(SOURCE MATERIAL)
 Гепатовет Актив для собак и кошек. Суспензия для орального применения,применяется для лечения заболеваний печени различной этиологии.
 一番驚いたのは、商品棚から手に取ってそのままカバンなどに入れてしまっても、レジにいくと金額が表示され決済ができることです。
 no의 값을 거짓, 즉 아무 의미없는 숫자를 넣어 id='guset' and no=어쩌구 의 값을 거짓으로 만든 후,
(End SOURCE MATERIAL)
(SOURCE MATERIAL)
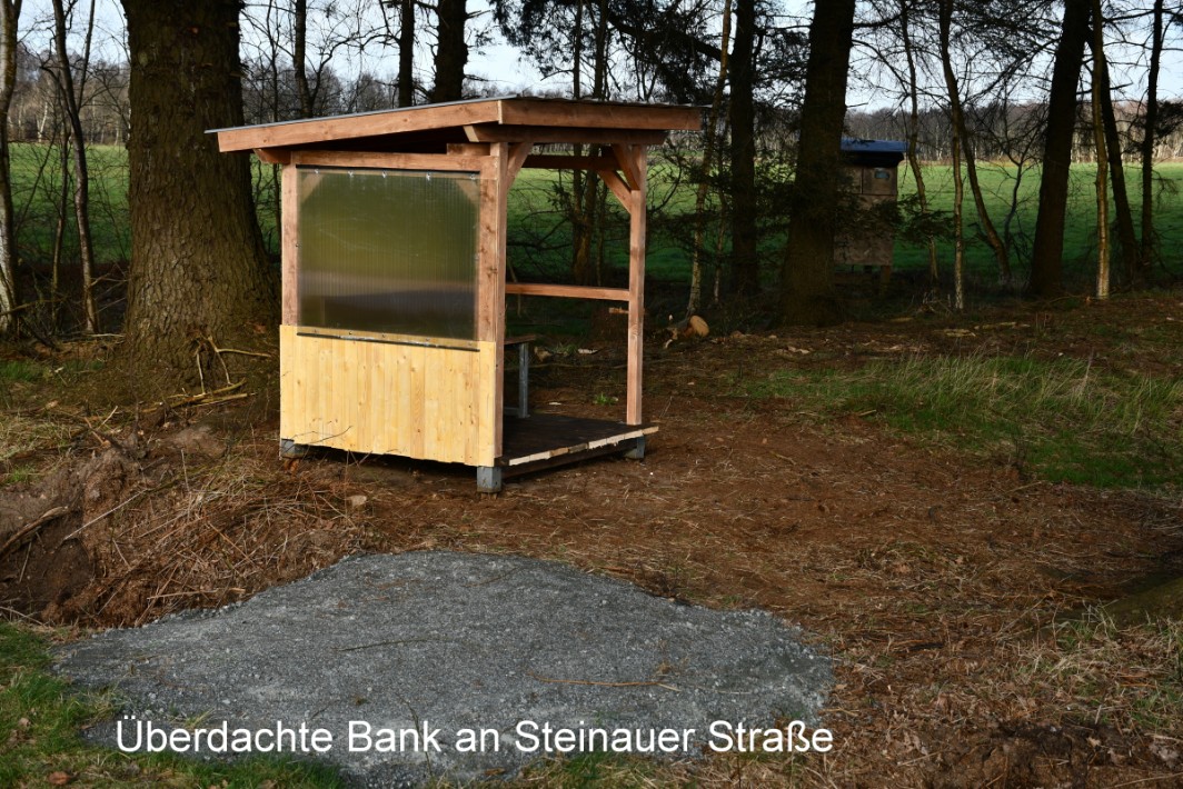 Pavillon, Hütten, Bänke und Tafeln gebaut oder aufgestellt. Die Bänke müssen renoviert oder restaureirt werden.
(End SOURCE MATERIAL)
(SOURCE MATERIAL)
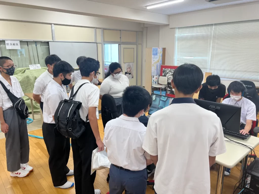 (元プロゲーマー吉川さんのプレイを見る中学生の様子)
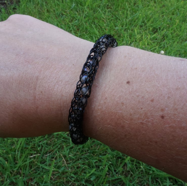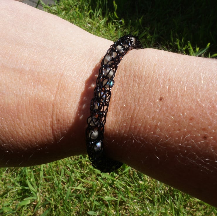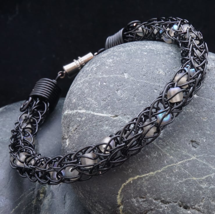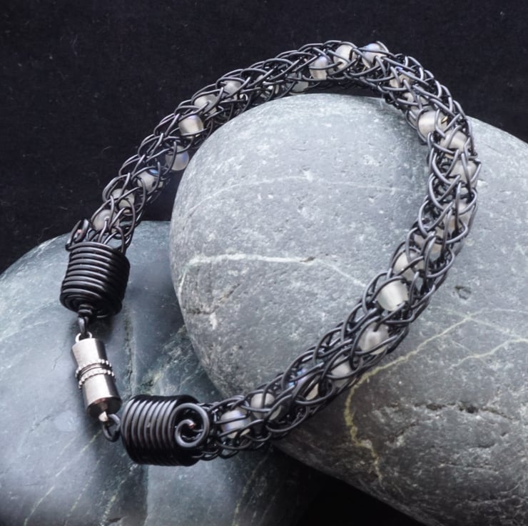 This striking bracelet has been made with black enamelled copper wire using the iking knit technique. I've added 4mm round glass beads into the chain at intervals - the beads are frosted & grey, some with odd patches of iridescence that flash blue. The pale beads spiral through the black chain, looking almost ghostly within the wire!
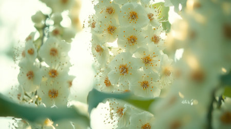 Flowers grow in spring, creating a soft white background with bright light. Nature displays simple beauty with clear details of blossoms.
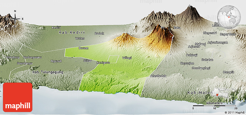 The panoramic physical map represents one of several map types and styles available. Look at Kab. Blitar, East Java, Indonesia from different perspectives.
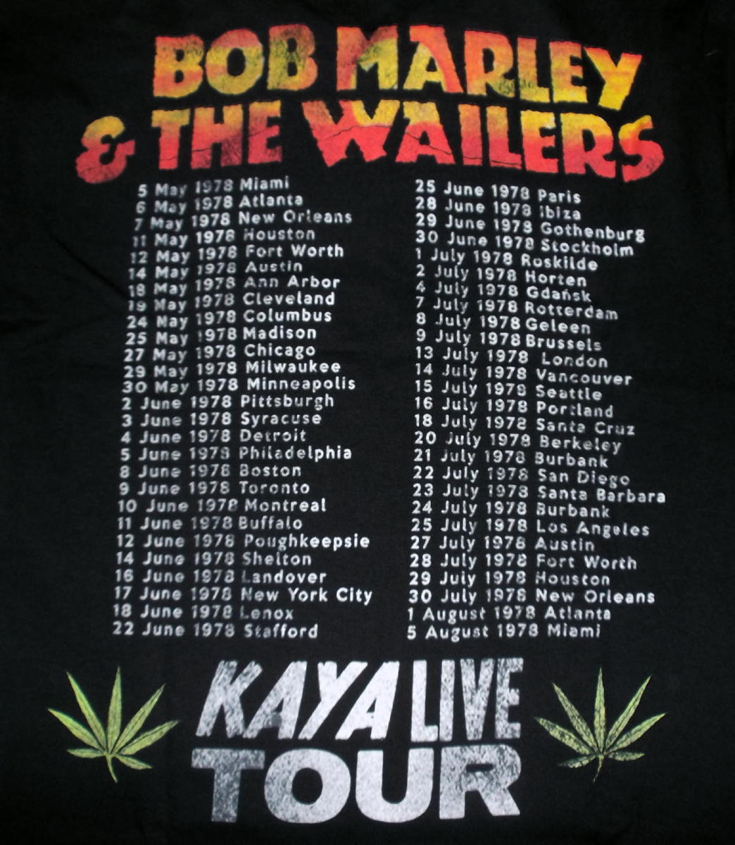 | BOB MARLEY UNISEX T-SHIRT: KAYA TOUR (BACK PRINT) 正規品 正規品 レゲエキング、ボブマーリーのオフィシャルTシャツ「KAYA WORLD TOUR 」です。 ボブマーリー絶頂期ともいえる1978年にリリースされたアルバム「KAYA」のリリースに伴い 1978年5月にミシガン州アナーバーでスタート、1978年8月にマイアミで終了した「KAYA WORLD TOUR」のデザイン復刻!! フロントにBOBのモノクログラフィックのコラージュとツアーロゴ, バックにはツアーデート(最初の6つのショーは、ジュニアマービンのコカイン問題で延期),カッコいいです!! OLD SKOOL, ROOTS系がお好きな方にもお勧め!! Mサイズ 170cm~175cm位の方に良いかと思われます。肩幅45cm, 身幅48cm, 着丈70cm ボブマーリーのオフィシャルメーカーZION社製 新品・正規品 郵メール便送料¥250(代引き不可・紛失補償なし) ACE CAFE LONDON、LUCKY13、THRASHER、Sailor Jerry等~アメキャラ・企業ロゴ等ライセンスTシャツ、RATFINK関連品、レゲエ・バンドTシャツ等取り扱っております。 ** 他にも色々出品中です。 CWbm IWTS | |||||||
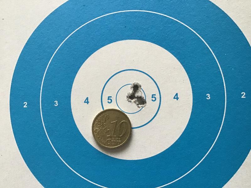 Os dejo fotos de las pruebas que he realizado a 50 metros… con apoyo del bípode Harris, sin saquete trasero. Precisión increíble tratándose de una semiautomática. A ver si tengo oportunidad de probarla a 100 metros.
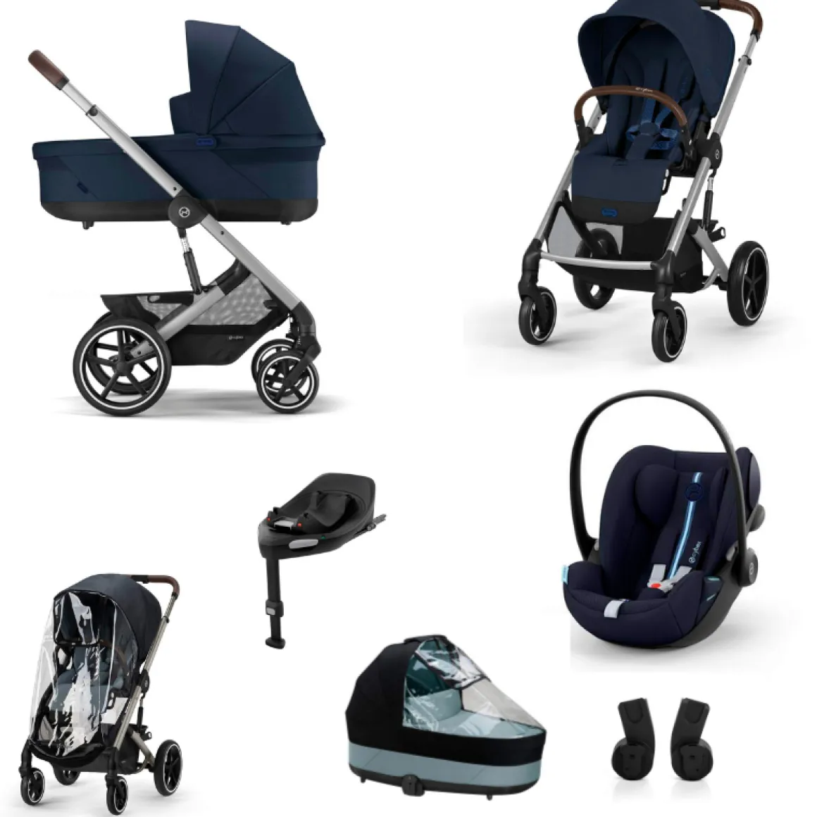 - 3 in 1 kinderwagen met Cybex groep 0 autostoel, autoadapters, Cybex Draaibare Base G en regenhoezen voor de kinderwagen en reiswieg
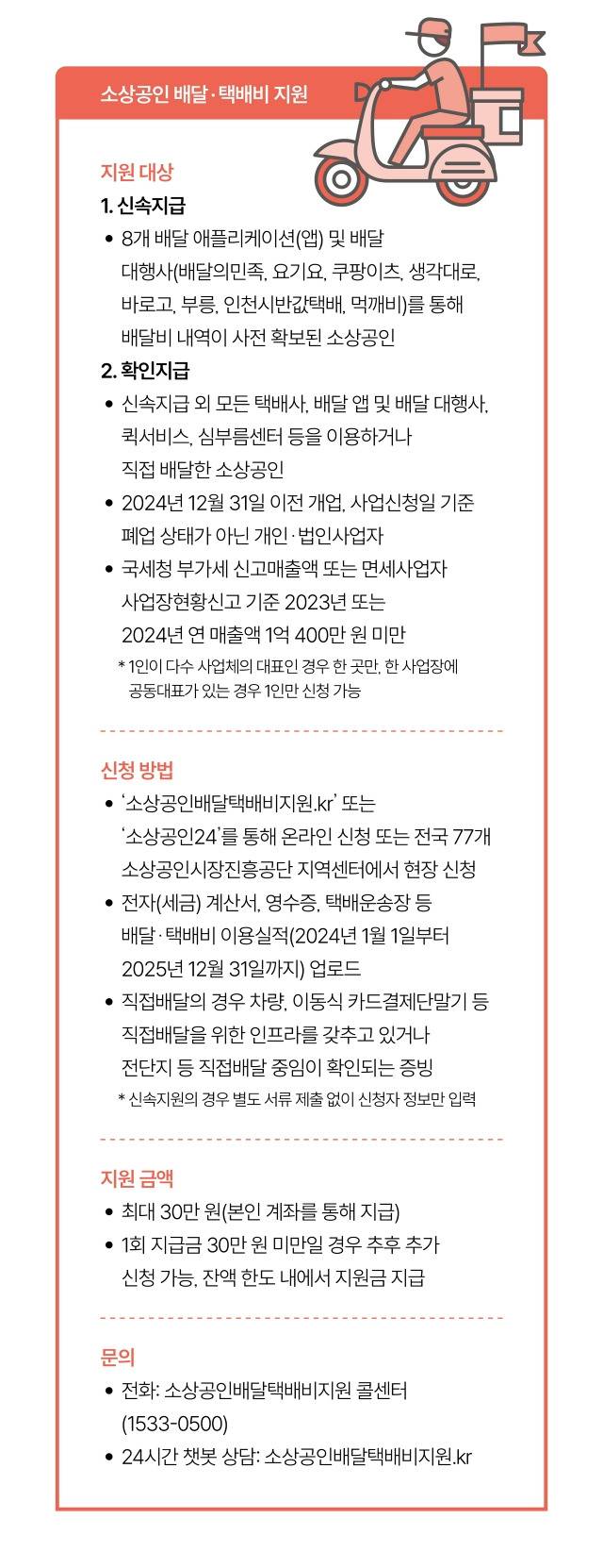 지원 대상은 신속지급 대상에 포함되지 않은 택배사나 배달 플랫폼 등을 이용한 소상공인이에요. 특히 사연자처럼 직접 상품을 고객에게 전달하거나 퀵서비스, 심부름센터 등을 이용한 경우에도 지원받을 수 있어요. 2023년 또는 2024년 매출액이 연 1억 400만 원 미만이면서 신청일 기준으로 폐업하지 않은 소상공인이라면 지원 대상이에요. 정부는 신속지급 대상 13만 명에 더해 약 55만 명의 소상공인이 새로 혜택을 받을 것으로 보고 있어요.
(End SOURCE MATERIAL)
**WHAT IS REQUIRED:** Write out exactly the lines above between the one with "(元プロゲーマー吉川さんのプレイを見る中学生の様子)" and the one with "The panoramic physical", inclusive, with pictures left out.

**RESPONSE BELOW:**
 (元プロゲーマー吉川さんのプレイを見る中学生の様子)
 This striking bracelet has been made with black enamelled copper wire using the iking knit technique. I've added 4mm round glass beads into the chain at intervals - the beads are frosted & grey, some with odd patches of iridescence that flash blue. The pale beads spiral through the black chain, looking almost ghostly within the wire!
 Flowers grow in spring, creating a soft white background with bright light. Nature displays simple beauty with clear details of blossoms.
 The panoramic physical map represents one of several map types and styles available. Look at Kab. Blitar, East Java, Indonesia from different perspectives.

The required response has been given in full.